SUPPLIED RECORDS -
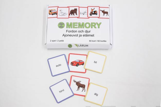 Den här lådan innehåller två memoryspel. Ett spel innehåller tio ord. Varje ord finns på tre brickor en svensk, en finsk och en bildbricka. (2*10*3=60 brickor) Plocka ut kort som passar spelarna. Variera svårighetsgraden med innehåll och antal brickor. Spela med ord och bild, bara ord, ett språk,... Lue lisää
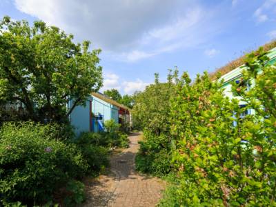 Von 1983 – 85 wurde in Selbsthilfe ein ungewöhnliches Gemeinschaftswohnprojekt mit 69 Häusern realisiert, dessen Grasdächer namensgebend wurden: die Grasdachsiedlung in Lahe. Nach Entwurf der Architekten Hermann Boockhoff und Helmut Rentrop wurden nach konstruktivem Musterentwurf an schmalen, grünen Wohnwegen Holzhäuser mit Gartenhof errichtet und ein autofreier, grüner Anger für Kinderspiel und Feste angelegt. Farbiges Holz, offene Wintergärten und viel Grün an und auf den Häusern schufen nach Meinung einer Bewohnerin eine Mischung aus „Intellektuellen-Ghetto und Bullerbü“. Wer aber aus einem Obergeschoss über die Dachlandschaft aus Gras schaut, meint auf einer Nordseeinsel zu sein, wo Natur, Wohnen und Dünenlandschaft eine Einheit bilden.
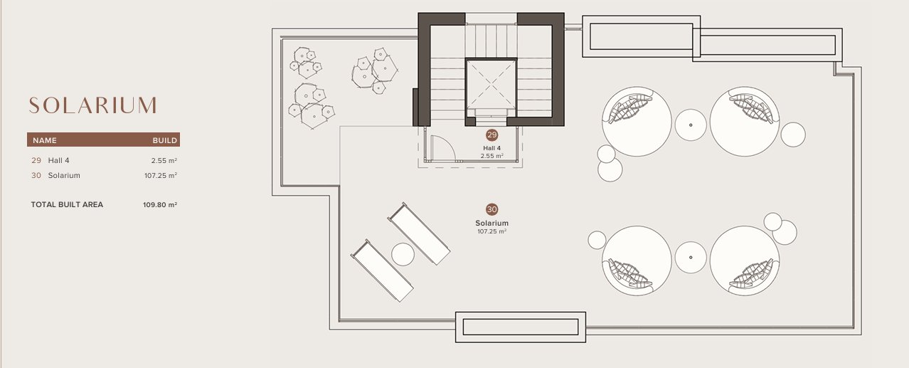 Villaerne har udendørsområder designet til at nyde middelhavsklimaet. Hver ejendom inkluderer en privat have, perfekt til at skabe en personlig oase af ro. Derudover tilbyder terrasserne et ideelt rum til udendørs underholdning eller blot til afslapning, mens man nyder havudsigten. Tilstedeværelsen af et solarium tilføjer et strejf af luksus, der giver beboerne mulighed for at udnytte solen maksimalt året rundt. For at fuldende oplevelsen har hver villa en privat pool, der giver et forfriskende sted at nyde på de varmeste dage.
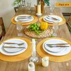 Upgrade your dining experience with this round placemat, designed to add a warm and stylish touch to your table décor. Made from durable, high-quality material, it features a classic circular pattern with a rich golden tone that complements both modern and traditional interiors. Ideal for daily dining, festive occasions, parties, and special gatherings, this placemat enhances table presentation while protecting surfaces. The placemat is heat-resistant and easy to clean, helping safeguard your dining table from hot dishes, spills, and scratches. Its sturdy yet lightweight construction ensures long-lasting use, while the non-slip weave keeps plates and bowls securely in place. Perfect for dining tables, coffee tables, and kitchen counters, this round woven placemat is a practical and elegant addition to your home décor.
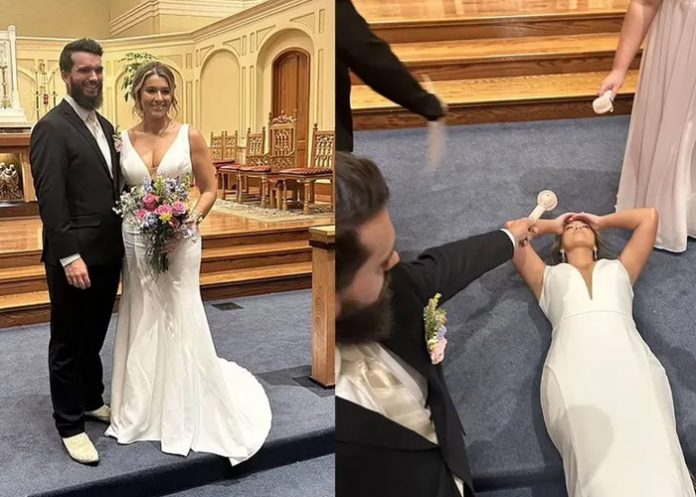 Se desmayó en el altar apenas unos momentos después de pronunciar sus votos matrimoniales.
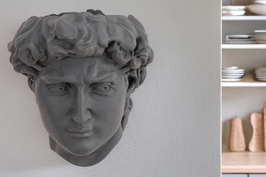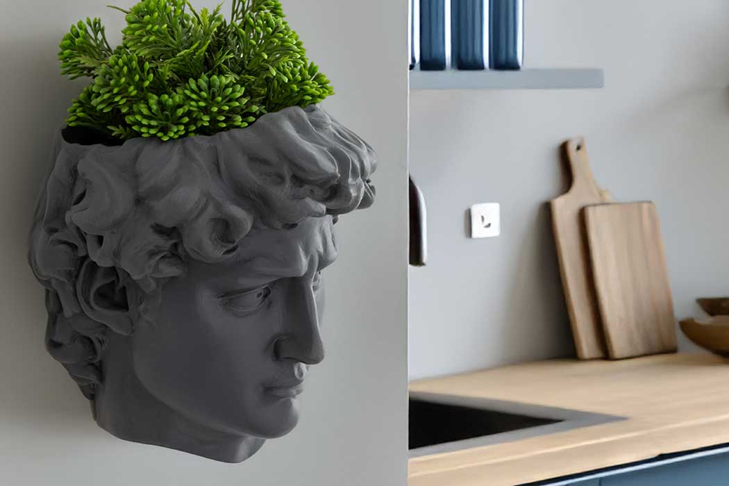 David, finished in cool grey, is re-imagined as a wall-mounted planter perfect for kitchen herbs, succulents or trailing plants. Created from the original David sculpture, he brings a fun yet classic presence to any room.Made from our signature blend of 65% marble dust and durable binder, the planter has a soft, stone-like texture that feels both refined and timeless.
* * *
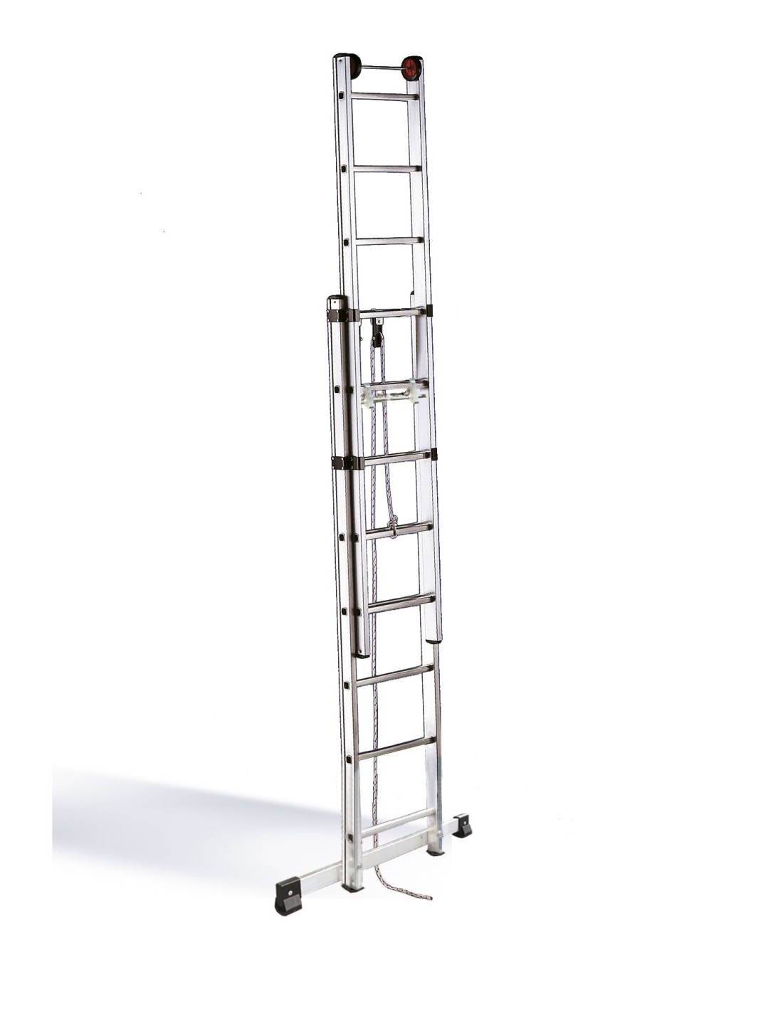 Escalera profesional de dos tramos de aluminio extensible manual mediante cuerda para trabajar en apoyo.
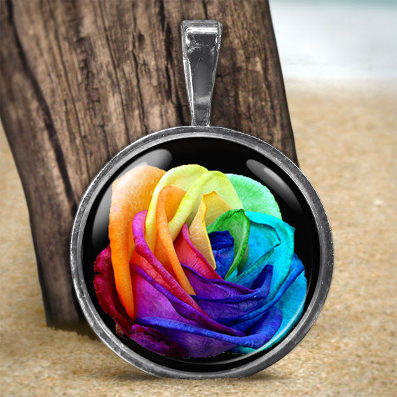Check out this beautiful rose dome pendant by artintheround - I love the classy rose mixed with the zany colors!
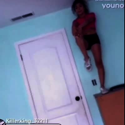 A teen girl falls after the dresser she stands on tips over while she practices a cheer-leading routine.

WORK TASK -
Having found the line with "Check out this" and the line with "A teen girl" in the material above, write out exactly those two and every line between, leaving the pictures out.

PROBLEM SOLUTION -
Check out this beautiful rose dome pendant by artintheround - I love the classy rose mixed with the zany colors!
 A teen girl falls after the dresser she stands on tips over while she practices a cheer-leading routine.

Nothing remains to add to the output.